Po nieudanej demonstracji Złotina Los Alamos zaprzestał pracy z podkrytycznymi masami plutonu. Takie eksperymenty zawsze uważano za niebezpieczne - sam Enrico Fermi ostrzegł Zlotina, że „umrze w ciągu roku”, jeśli będzie kontynuował swoją pracę. Jednak II wojna światowa wymagała pilności, choć kosztem bezpieczeństwa.

Ręcznie zbierane masy podkrytyczne można było łatwo i szybko modyfikować i wykorzystywać do celów wojskowych. Ale zanim umarł Zlotin, nie było już potrzeby takiego pośpiechu.
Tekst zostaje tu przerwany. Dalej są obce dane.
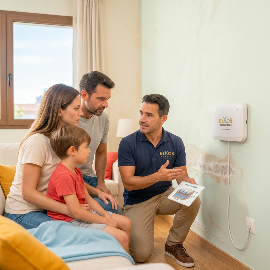 Frente a esa lógica reactiva, Bixos plantea algo diferente: un sistema técnico que actúa de forma continua sobre la humedad por capilaridad — el factor que más favorece la presencia de insectos — sin químicos, sin fumigaciones, sin mantenimiento. Conectado a la red eléctrica, funciona las 24 horas sin interferir en la vida diaria del espacio. Cuando se controla la humedad, los insectos desaparecen. No hay solución más eficaz que quitarles el hábitat.
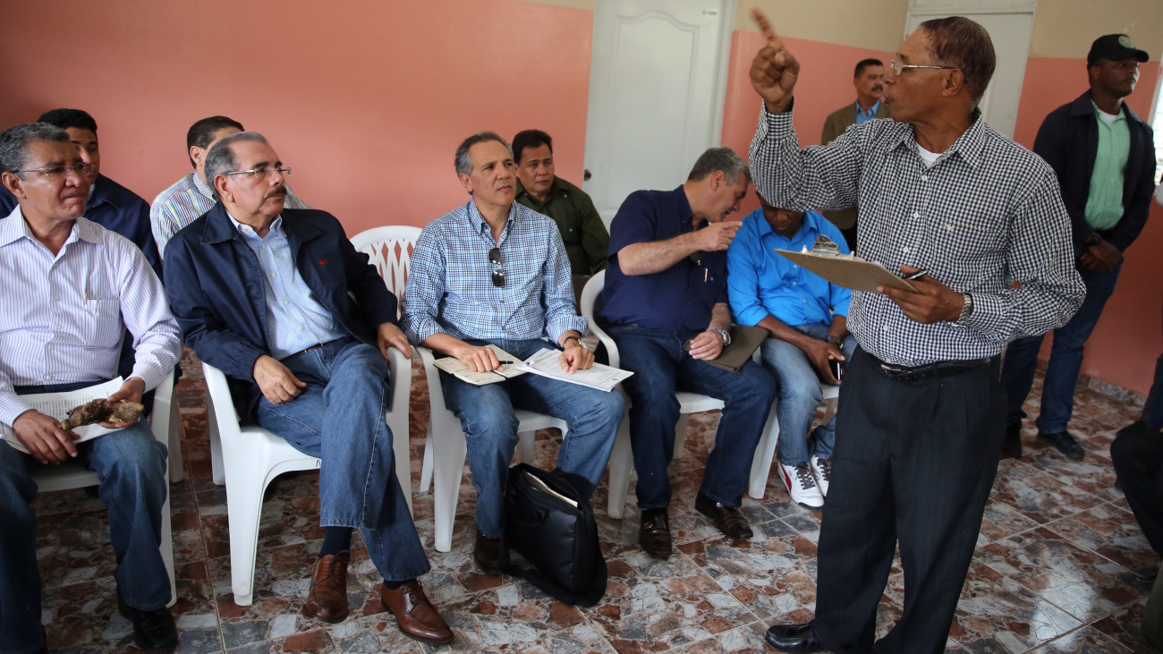 El presidente Danilo Medina al escuchar uno de los dirigentes de la asociación durante encuentro con productores de café de la comunidad.
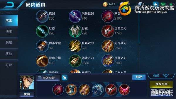 六神装:末世、急速战靴、无尽战刃、破甲弓、泣血之刃、影刃
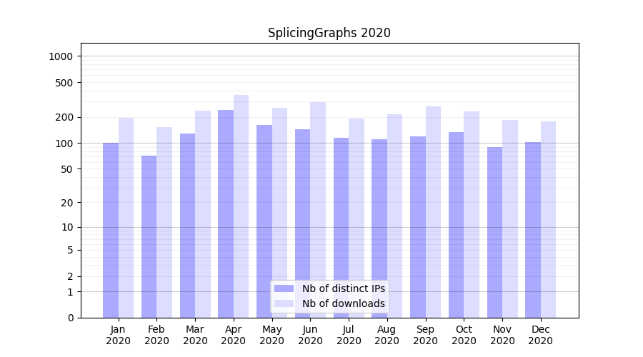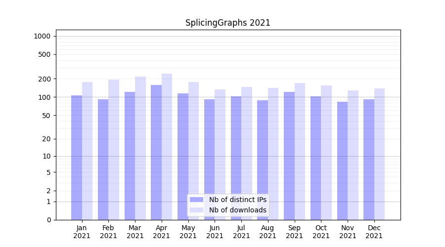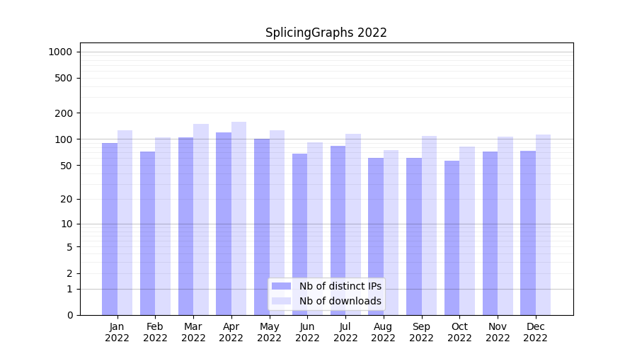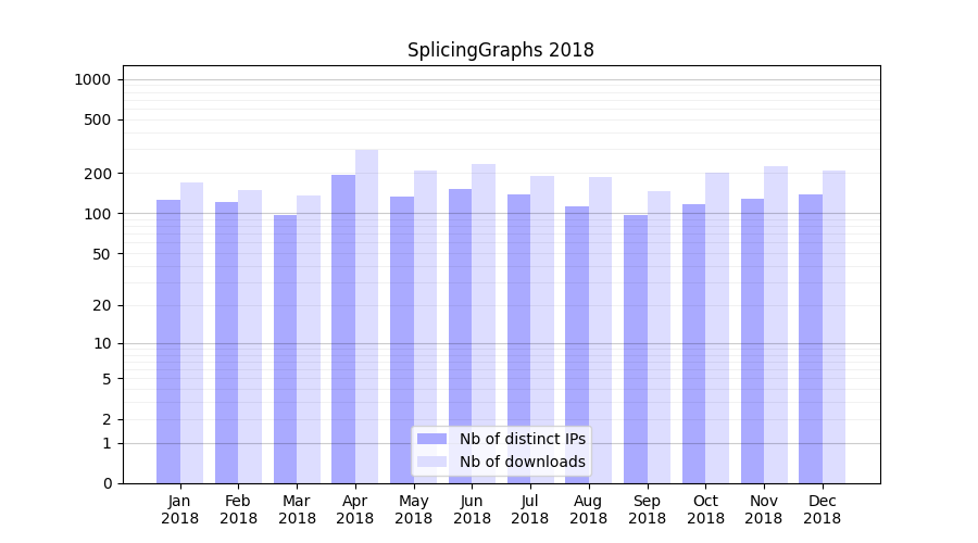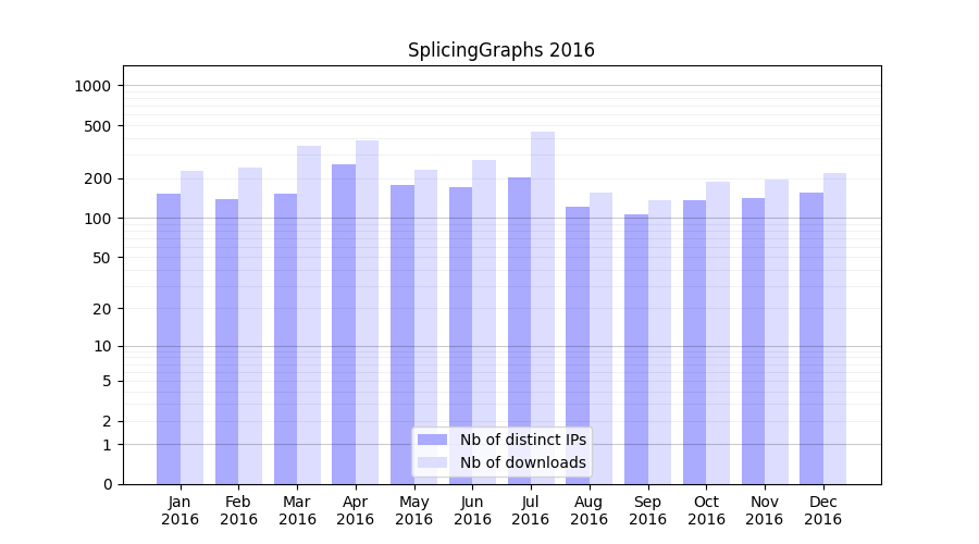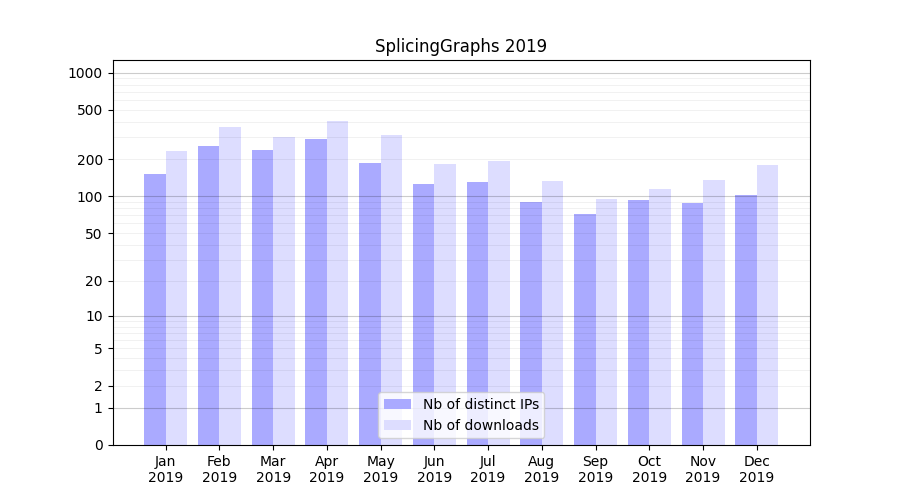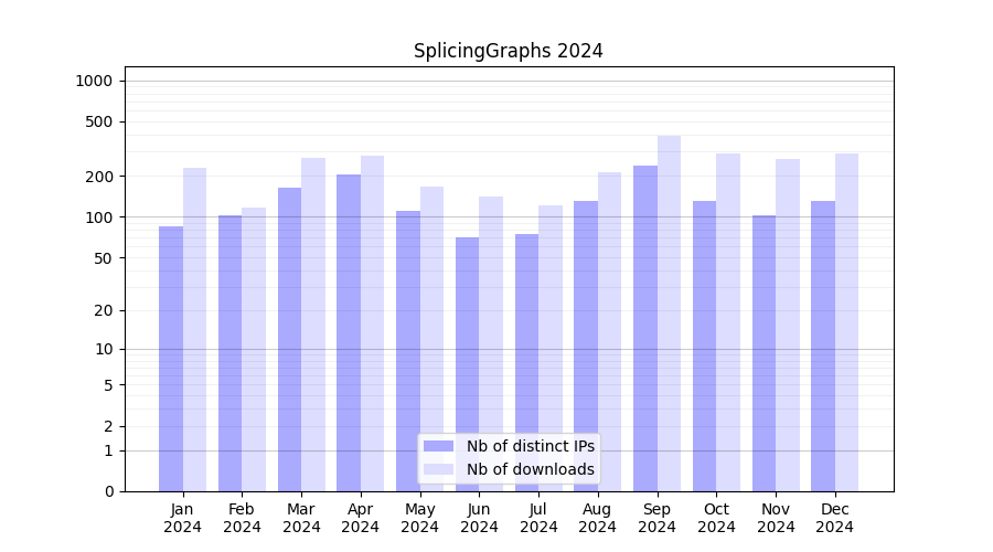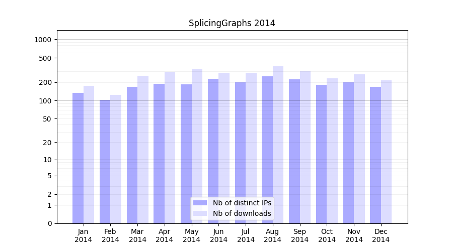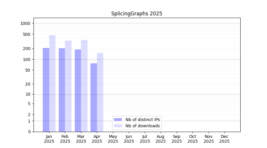 Number of downloads for software package SplicingGraphs, year by year, from 2025 back to 2014 (years with no downloads are omitted):
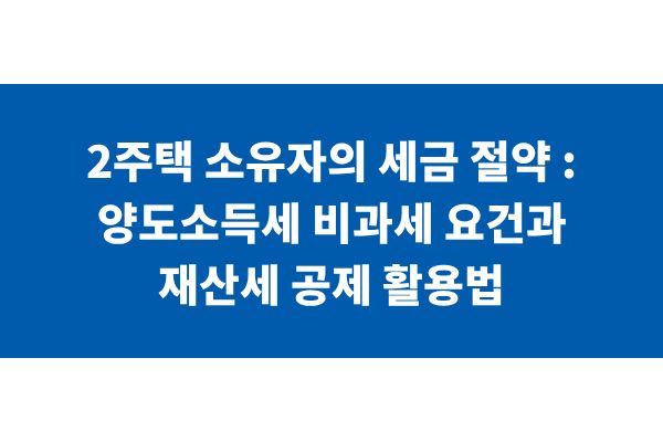 2주택 소유자의 세금 절약 : 양도소득세 비과세 요건과 재산세 공제 활용법
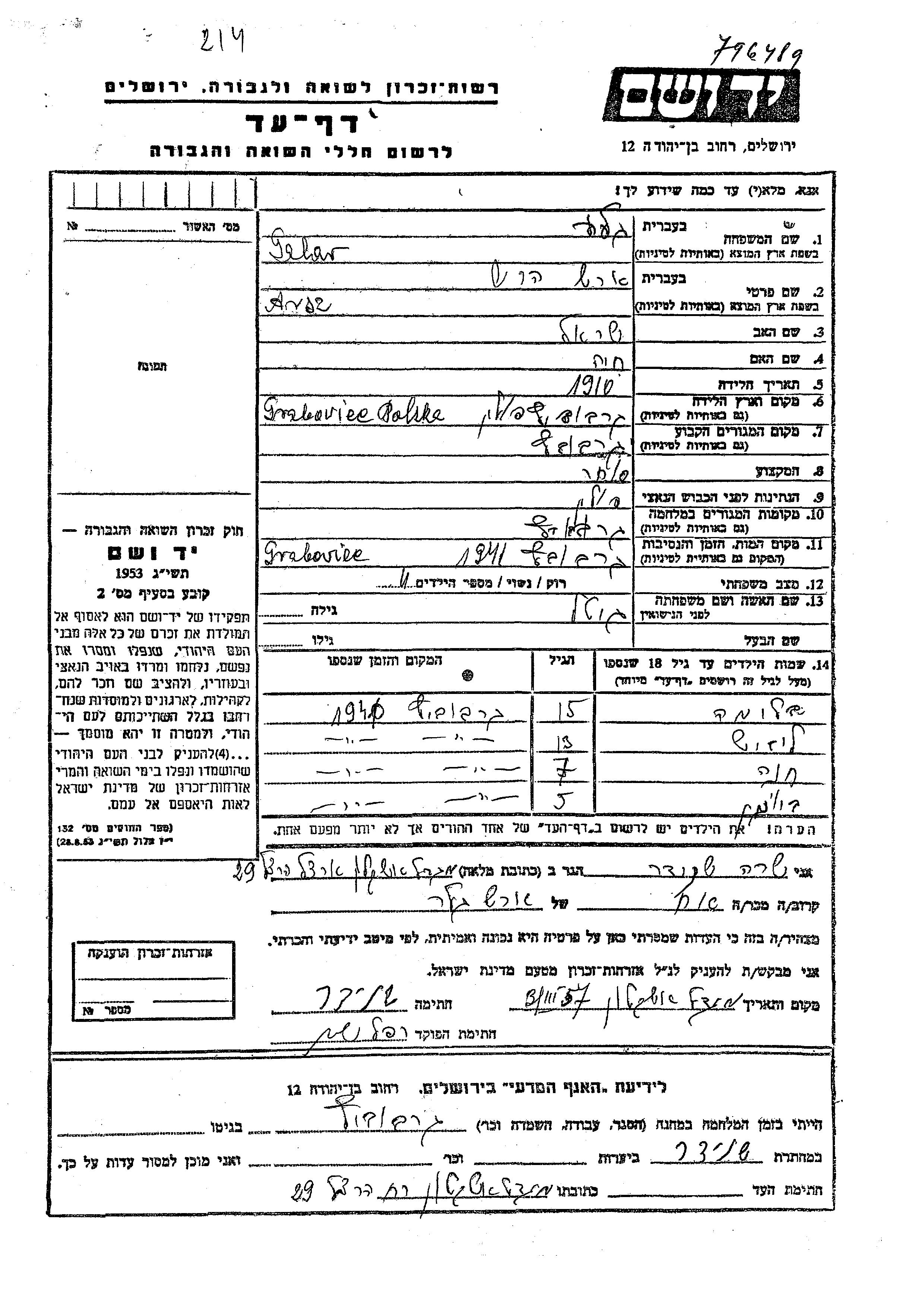 Яд Вашем - Листы свидетельских показаний Мемориального фонда

Czasy zimnej wojny były gorączkowe, ale nie wymagały takich wyrzeczeń.

Image
Image

W notatce napisanej po wypadku zasugerowano, aby kolejne eksperymenty przeprowadzić pilotem, a „do prawa odwrotnej proporcjonalności do kwadratu odległości podchodzić szerzej” - do tego, że niewielki wzrost odległości znacznie zmniejsza siłę promieniowania.

Podkrytyczna masa plutonu, która zabiła Daglyana i Zlotina, była początkowo nazywana „Rufusem”, ale po tych dwóch incydentach otrzymała nazwę „Szarża-demon”. Podczas gdy bomby zrzucone na Hiroszimę i Nagasaki, które zabiły dziesiątki tysięcy ludzi, nie zyskały takiej uwagi i pozostały bez nazwy.

Być może na tym polega różnica między celową a nieumyślną szkodą, między jądrem bomby atomowej, bronią masowego rażenia, a jądrem zarezerwowanym dla pola eksperymentów.

Przed incydentem Los Alamos planowało wysłać rdzeń na atol Bikini na Wyspach Marshalla i zdetonować go na oczach ponad tysiąca obserwatorów (w bezpiecznej odległości) w ramach operacji Crossroads, pierwszej powojennej serii testów bomb atomowych. (Zlotin również chciał tam pojechać i obserwować eksplozję; planował uczyć na Uniwersytecie w Chicago, gdy cykl testów dobiegł końca.)

Jednak po tym incydencie rdzeń nadal był zbyt gorący i radioaktywny do użycia. Mieli zamiar go wysadzić w trzecim teście "Rozdroża", ale test został odwołany. W rezultacie rdzeń wciąż się kończył, ale w znacznie bardziej prozaicznej formie - latem 1946 roku został stopiony i wrzucony do nowej bomby.